--- RECORDS FOR THIS TASK Enclosed Below ---

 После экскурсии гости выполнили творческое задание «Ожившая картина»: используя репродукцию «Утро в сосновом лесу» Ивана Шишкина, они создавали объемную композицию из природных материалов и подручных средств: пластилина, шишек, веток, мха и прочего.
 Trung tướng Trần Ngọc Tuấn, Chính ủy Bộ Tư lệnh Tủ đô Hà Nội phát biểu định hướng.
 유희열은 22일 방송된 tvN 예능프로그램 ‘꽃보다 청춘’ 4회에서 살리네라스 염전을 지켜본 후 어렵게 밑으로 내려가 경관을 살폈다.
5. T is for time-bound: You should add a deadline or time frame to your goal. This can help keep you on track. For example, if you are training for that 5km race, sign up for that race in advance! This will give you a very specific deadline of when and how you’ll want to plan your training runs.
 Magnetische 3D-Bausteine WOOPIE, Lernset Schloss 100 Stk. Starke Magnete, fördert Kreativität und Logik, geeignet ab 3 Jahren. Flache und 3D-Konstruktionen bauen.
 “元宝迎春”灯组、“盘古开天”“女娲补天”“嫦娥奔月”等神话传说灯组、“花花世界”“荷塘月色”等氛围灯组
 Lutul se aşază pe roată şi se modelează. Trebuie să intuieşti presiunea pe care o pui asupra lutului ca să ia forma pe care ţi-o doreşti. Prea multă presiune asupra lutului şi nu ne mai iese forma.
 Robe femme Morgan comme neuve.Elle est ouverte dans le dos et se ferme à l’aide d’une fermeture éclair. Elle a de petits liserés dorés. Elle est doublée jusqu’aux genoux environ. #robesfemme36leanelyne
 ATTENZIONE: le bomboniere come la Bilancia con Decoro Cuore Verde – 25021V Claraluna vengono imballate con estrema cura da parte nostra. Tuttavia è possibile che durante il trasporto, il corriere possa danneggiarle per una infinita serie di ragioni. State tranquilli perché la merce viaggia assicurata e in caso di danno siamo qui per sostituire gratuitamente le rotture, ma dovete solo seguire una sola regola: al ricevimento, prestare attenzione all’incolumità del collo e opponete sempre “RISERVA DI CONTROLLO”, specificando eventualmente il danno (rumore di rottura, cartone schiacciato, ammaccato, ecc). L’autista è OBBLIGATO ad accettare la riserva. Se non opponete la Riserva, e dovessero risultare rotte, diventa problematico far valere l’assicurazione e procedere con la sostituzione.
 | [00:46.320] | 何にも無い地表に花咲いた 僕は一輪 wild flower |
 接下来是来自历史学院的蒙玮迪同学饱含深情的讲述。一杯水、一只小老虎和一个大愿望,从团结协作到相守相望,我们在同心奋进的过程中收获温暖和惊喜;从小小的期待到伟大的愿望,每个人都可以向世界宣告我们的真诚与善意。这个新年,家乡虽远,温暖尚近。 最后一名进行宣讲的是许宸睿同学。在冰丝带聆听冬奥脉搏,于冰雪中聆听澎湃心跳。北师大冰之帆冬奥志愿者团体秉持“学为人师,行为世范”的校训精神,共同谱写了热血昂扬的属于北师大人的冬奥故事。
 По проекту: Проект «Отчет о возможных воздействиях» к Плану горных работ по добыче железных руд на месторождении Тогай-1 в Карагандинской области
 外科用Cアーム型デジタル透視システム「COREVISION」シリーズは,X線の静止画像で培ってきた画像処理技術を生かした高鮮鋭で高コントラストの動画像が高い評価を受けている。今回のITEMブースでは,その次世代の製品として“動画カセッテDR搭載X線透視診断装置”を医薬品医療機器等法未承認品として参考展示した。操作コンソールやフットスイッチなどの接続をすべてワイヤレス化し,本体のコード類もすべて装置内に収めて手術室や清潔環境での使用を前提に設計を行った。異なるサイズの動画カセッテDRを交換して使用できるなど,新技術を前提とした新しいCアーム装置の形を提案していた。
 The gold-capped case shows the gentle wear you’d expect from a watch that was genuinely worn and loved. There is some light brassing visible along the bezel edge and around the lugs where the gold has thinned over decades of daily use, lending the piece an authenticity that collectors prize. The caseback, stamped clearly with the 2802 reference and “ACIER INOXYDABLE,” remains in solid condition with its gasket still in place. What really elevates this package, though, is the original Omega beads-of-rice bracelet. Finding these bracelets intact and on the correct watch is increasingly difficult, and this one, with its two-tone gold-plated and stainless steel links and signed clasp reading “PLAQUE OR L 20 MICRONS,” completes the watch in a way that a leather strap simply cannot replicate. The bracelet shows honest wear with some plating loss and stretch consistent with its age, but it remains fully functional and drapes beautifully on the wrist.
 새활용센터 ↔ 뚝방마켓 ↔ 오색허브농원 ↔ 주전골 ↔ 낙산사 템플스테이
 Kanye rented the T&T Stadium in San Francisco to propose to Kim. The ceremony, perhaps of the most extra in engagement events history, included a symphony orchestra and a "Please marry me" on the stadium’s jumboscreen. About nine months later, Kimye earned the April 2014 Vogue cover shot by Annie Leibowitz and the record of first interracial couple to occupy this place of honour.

--- End of Enclosed RECORDS FOR THIS TASK ---

WHAT THIS TASK INVOLVES: Print every entry from the material exactly.

EXERCISE OUTPUT:
 После экскурсии гости выполнили творческое задание «Ожившая картина»: используя репродукцию «Утро в сосновом лесу» Ивана Шишкина, они создавали объемную композицию из природных материалов и подручных средств: пластилина, шишек, веток, мха и прочего.
 Trung tướng Trần Ngọc Tuấn, Chính ủy Bộ Tư lệnh Tủ đô Hà Nội phát biểu định hướng.
 유희열은 22일 방송된 tvN 예능프로그램 ‘꽃보다 청춘’ 4회에서 살리네라스 염전을 지켜본 후 어렵게 밑으로 내려가 경관을 살폈다.
5. T is for time-bound: You should add a deadline or time frame to your goal. This can help keep you on track. For example, if you are training for that 5km race, sign up for that race in advance! This will give you a very specific deadline of when and how you’ll want to plan your training runs.
 Magnetische 3D-Bausteine WOOPIE, Lernset Schloss 100 Stk. Starke Magnete, fördert Kreativität und Logik, geeignet ab 3 Jahren. Flache und 3D-Konstruktionen bauen.
 “元宝迎春”灯组、“盘古开天”“女娲补天”“嫦娥奔月”等神话传说灯组、“花花世界”“荷塘月色”等氛围灯组
 Lutul se aşază pe roată şi se modelează. Trebuie să intuieşti presiunea pe care o pui asupra lutului ca să ia forma pe care ţi-o doreşti. Prea multă presiune asupra lutului şi nu ne mai iese forma.
 Robe femme Morgan comme neuve.Elle est ouverte dans le dos et se ferme à l’aide d’une fermeture éclair. Elle a de petits liserés dorés. Elle est doublée jusqu’aux genoux environ. #robesfemme36leanelyne
 ATTENZIONE: le bomboniere come la Bilancia con Decoro Cuore Verde – 25021V Claraluna vengono imballate con estrema cura da parte nostra. Tuttavia è possibile che durante il trasporto, il corriere possa danneggiarle per una infinita serie di ragioni. State tranquilli perché la merce viaggia assicurata e in caso di danno siamo qui per sostituire gratuitamente le rotture, ma dovete solo seguire una sola regola: al ricevimento, prestare attenzione all’incolumità del collo e opponete sempre “RISERVA DI CONTROLLO”, specificando eventualmente il danno (rumore di rottura, cartone schiacciato, ammaccato, ecc). L’autista è OBBLIGATO ad accettare la riserva. Se non opponete la Riserva, e dovessero risultare rotte, diventa problematico far valere l’assicurazione e procedere con la sostituzione.
 | [00:46.320] | 何にも無い地表に花咲いた 僕は一輪 wild flower |
 接下来是来自历史学院的蒙玮迪同学饱含深情的讲述。一杯水、一只小老虎和一个大愿望,从团结协作到相守相望,我们在同心奋进的过程中收获温暖和惊喜;从小小的期待到伟大的愿望,每个人都可以向世界宣告我们的真诚与善意。这个新年,家乡虽远,温暖尚近。 最后一名进行宣讲的是许宸睿同学。在冰丝带聆听冬奥脉搏,于冰雪中聆听澎湃心跳。北师大冰之帆冬奥志愿者团体秉持“学为人师,行为世范”的校训精神,共同谱写了热血昂扬的属于北师大人的冬奥故事。
 По проекту: Проект «Отчет о возможных воздействиях» к Плану горных работ по добыче железных руд на месторождении Тогай-1 в Карагандинской области
 外科用Cアーム型デジタル透視システム「COREVISION」シリーズは,X線の静止画像で培ってきた画像処理技術を生かした高鮮鋭で高コントラストの動画像が高い評価を受けている。今回のITEMブースでは,その次世代の製品として“動画カセッテDR搭載X線透視診断装置”を医薬品医療機器等法未承認品として参考展示した。操作コンソールやフットスイッチなどの接続をすべてワイヤレス化し,本体のコード類もすべて装置内に収めて手術室や清潔環境での使用を前提に設計を行った。異なるサイズの動画カセッテDRを交換して使用できるなど,新技術を前提とした新しいCアーム装置の形を提案していた。
 The gold-capped case shows the gentle wear you’d expect from a watch that was genuinely worn and loved. There is some light brassing visible along the bezel edge and around the lugs where the gold has thinned over decades of daily use, lending the piece an authenticity that collectors prize. The caseback, stamped clearly with the 2802 reference and “ACIER INOXYDABLE,” remains in solid condition with its gasket still in place. What really elevates this package, though, is the original Omega beads-of-rice bracelet. Finding these bracelets intact and on the correct watch is increasingly difficult, and this one, with its two-tone gold-plated and stainless steel links and signed clasp reading “PLAQUE OR L 20 MICRONS,” completes the watch in a way that a leather strap simply cannot replicate. The bracelet shows honest wear with some plating loss and stretch consistent with its age, but it remains fully functional and drapes beautifully on the wrist.
 새활용센터 ↔ 뚝방마켓 ↔ 오색허브농원 ↔ 주전골 ↔ 낙산사 템플스테이
 Kanye rented the T&T Stadium in San Francisco to propose to Kim. The ceremony, perhaps of the most extra in engagement events history, included a symphony orchestra and a "Please marry me" on the stadium’s jumboscreen. About nine months later, Kimye earned the April 2014 Vogue cover shot by Annie Leibowitz and the record of first interracial couple to occupy this place of honour.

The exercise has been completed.